Obviously a new development in the strategy is similar, taking advantage of consecutive winning streaks of 2 to 3 times to be able to optimize the bonus level. Summary of the betting system With the information shared above, hope you have more useful information about the betting system in online betting games.

Use it to test the effectiveness of this tactic. In addition, you should also look for reputable bookmakers to bet on to avoid risks. Wish you good luck when participating in betting. If the outcome from the second bet is a win, bet two units on the third hand. If the outcome from the third bet is a loss, quit two units up. If the outcome from the third bet is a win, bet six units on the fourth hand. If the outcome from the fourth bet is a loss, quit breaking even.
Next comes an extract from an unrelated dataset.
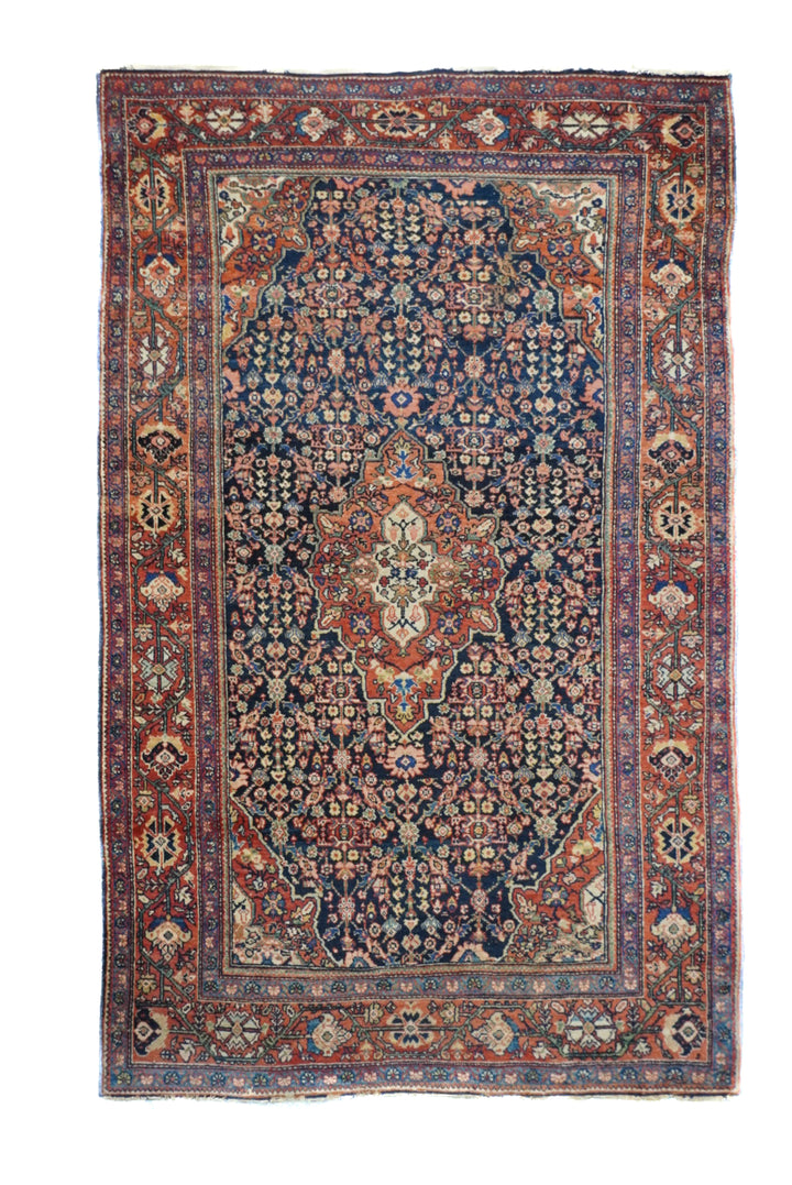 The scatter and room size pieces made in the Arak/Sultanabad area, between 1880 and 1910, with firm and leathery well-woven textures, and strong in red, navy and ecru tones, usually in medallion formats. A transition group between the earlier 19th century Farahans and the post-WWI Sarouks. Drawing is between curvilinear and angular.

If the outcome from the fourth bet is a win, quit 12 units up. Following is my flowchart of how to play. Start in the frame on the left that says "establish unit size. Analysis The following table shows the net win, probability, and contribution to the return by following the system on the Player bet in baccarat. The lower right cell shows an expected loss of 0. The average number of bets per session is 4. The ratio of expected money lost to money bet per session is 0.